▶ Task item:
For this exercise, repeat exactly the lines below starting at the line holding "PVC badge holder with metal clip." and ending at the line holding "Hálózati töltő, 1xUSB-A, 2xUSB-C, 65W, CANYON", both included, with no extra lines and no pictures.

Recorded data:
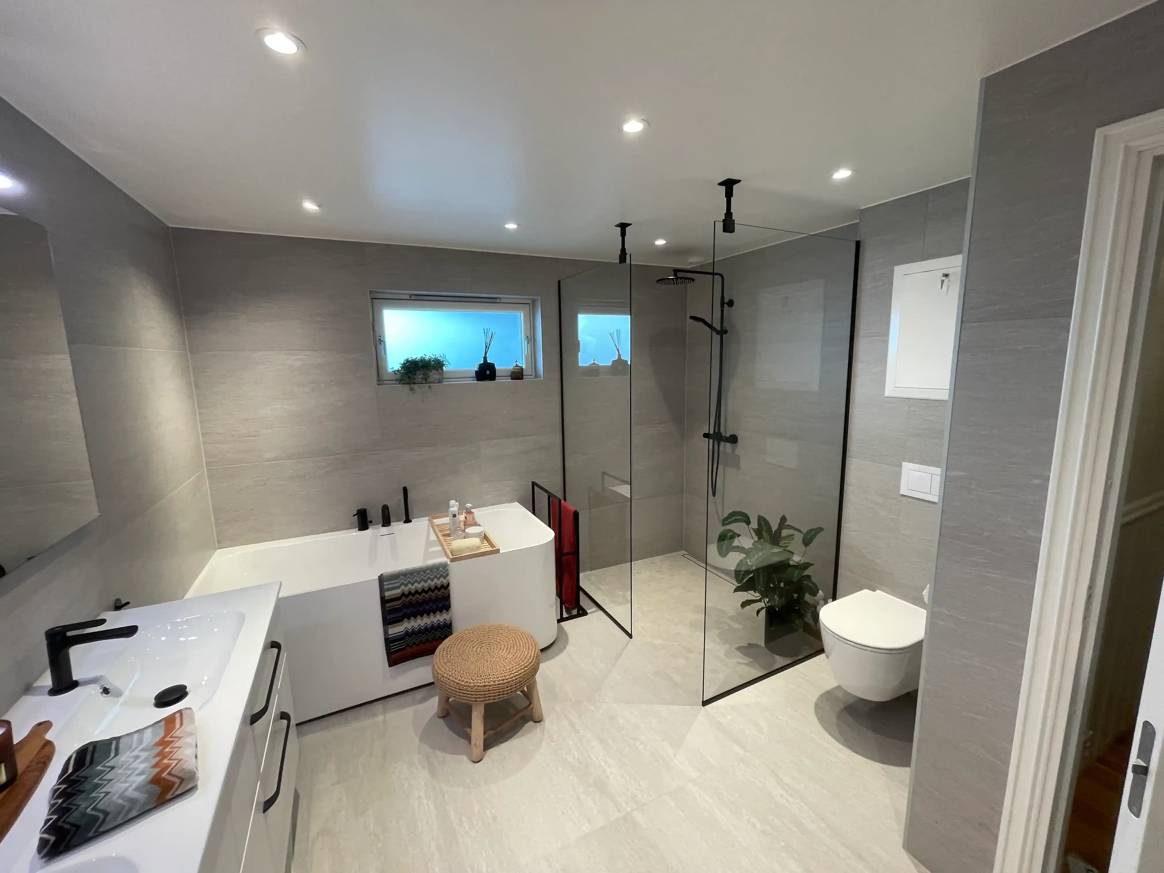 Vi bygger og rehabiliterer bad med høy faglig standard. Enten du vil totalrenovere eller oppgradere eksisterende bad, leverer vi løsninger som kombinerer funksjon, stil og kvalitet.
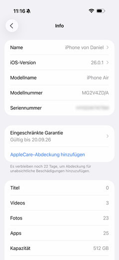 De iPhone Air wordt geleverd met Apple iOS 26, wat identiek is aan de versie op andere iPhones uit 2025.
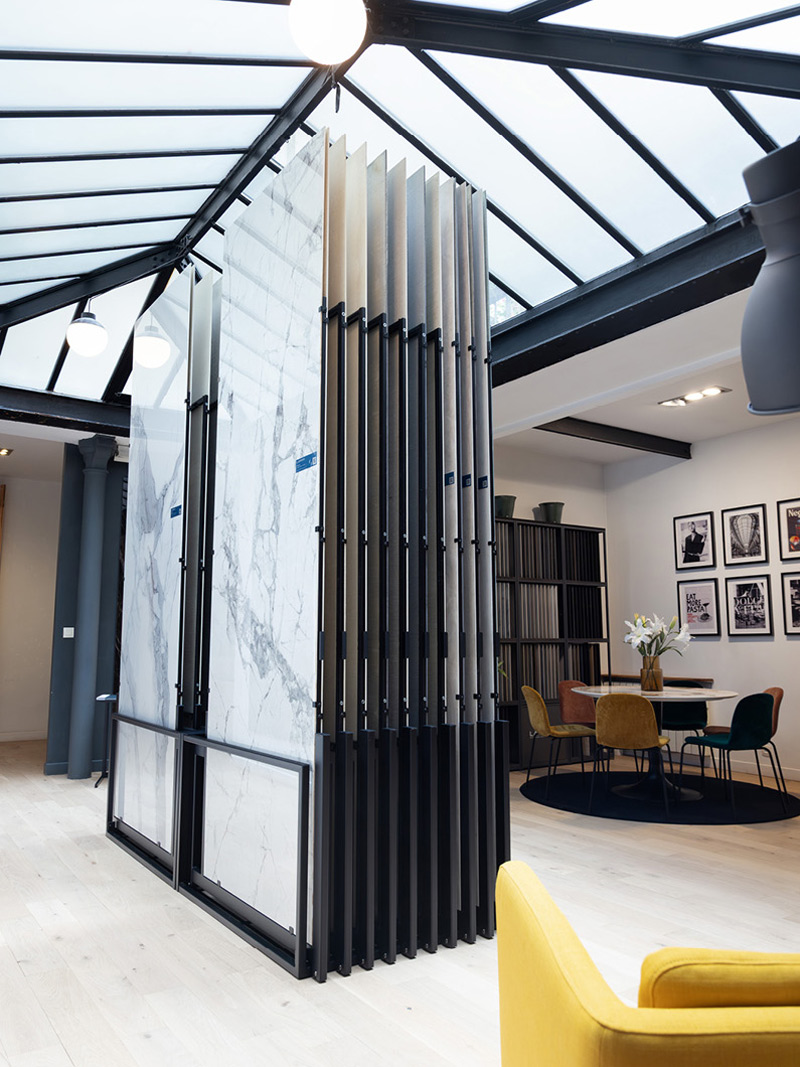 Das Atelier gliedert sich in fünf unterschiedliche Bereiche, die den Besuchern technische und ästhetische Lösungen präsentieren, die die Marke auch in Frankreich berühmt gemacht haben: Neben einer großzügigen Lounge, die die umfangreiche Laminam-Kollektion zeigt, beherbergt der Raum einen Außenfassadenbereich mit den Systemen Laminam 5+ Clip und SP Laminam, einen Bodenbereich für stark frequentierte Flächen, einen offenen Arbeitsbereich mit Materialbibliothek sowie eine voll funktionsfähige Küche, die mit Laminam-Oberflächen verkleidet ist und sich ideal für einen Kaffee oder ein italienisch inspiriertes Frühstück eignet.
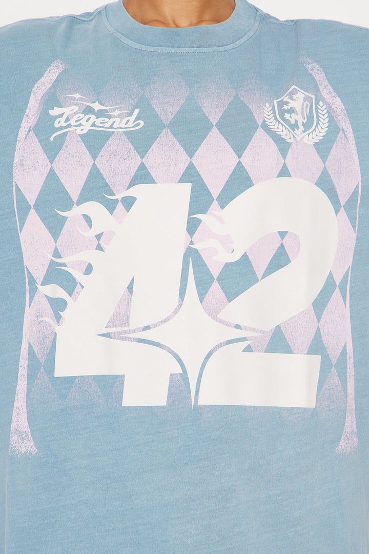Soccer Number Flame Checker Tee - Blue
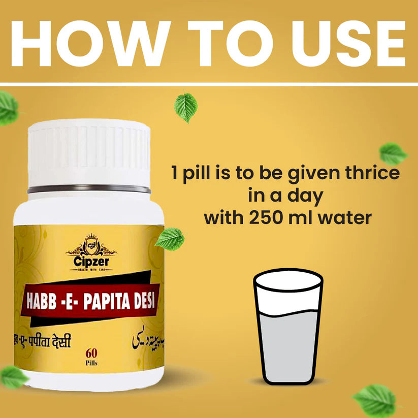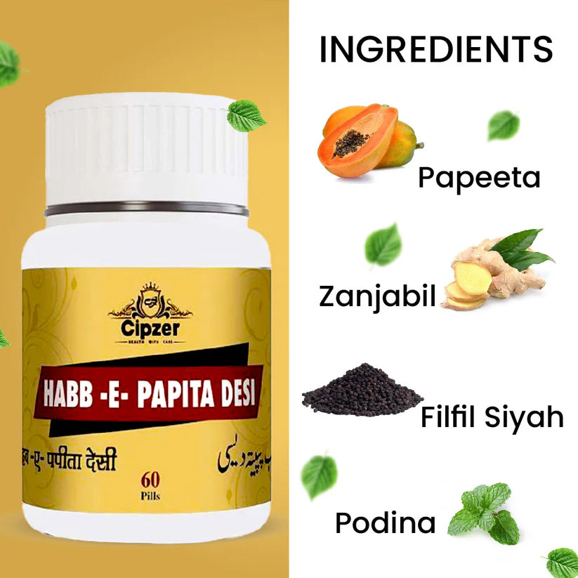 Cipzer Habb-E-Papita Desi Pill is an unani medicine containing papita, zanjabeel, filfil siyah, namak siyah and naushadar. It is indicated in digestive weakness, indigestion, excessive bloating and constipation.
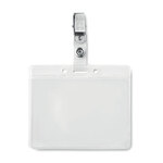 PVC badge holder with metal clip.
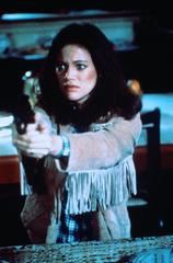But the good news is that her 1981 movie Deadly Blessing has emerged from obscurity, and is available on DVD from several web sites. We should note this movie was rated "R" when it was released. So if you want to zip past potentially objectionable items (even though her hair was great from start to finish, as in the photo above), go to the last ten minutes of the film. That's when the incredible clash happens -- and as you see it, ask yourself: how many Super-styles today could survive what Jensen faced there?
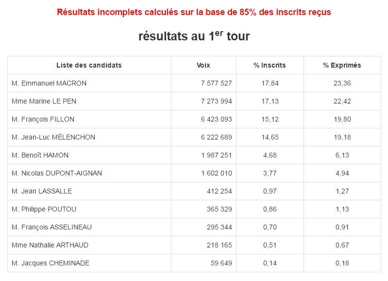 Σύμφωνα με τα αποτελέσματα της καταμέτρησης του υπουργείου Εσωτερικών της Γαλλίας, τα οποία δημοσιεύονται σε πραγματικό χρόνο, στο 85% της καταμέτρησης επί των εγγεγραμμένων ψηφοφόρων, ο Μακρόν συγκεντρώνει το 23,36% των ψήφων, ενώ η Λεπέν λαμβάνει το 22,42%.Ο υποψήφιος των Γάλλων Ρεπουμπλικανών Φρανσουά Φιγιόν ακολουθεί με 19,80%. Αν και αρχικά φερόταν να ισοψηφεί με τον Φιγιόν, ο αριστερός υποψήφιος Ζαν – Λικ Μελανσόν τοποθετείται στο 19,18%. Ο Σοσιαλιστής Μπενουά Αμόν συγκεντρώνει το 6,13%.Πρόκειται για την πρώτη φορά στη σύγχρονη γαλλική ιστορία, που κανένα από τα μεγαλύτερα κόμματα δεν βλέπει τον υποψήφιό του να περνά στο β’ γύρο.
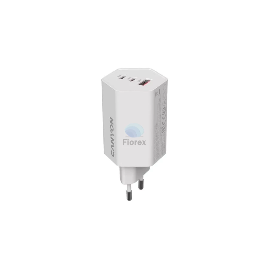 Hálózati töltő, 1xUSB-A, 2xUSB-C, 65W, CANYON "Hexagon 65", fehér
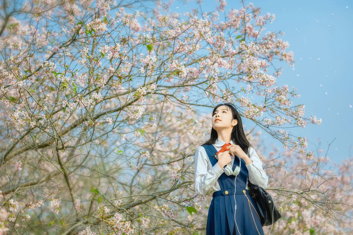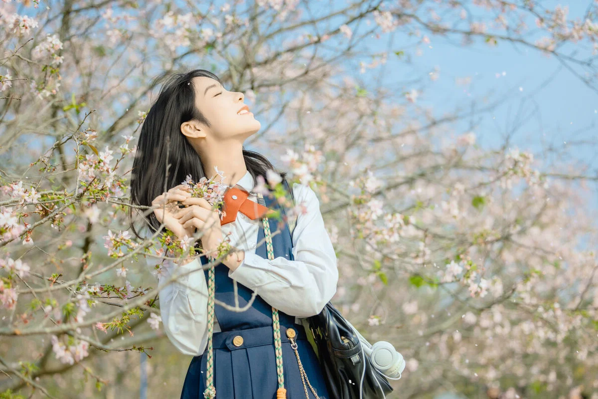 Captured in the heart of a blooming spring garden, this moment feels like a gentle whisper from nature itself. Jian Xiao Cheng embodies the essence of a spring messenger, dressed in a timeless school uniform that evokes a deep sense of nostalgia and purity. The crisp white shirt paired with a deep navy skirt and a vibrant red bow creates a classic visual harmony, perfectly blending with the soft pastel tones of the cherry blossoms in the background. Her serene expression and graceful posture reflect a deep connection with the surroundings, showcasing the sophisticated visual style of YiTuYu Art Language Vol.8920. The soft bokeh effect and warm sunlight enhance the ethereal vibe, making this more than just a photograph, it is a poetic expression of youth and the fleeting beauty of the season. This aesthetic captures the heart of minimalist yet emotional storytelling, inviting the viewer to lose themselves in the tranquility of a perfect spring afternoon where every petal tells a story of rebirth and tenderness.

▶ Solved exercise:
 PVC badge holder with metal clip.
But the good news is that her 1981 movie Deadly Blessing has emerged from obscurity, and is available on DVD from several web sites. We should note this movie was rated "R" when it was released. So if you want to zip past potentially objectionable items (even though her hair was great from start to finish, as in the photo above), go to the last ten minutes of the film. That's when the incredible clash happens -- and as you see it, ask yourself: how many Super-styles today could survive what Jensen faced there?
 Σύμφωνα με τα αποτελέσματα της καταμέτρησης του υπουργείου Εσωτερικών της Γαλλίας, τα οποία δημοσιεύονται σε πραγματικό χρόνο, στο 85% της καταμέτρησης επί των εγγεγραμμένων ψηφοφόρων, ο Μακρόν συγκεντρώνει το 23,36% των ψήφων, ενώ η Λεπέν λαμβάνει το 22,42%.Ο υποψήφιος των Γάλλων Ρεπουμπλικανών Φρανσουά Φιγιόν ακολουθεί με 19,80%. Αν και αρχικά φερόταν να ισοψηφεί με τον Φιγιόν, ο αριστερός υποψήφιος Ζαν – Λικ Μελανσόν τοποθετείται στο 19,18%. Ο Σοσιαλιστής Μπενουά Αμόν συγκεντρώνει το 6,13%.Πρόκειται για την πρώτη φορά στη σύγχρονη γαλλική ιστορία, που κανένα από τα μεγαλύτερα κόμματα δεν βλέπει τον υποψήφιό του να περνά στο β’ γύρο.
 Hálózati töltő, 1xUSB-A, 2xUSB-C, 65W, CANYON "Hexagon 65", fehér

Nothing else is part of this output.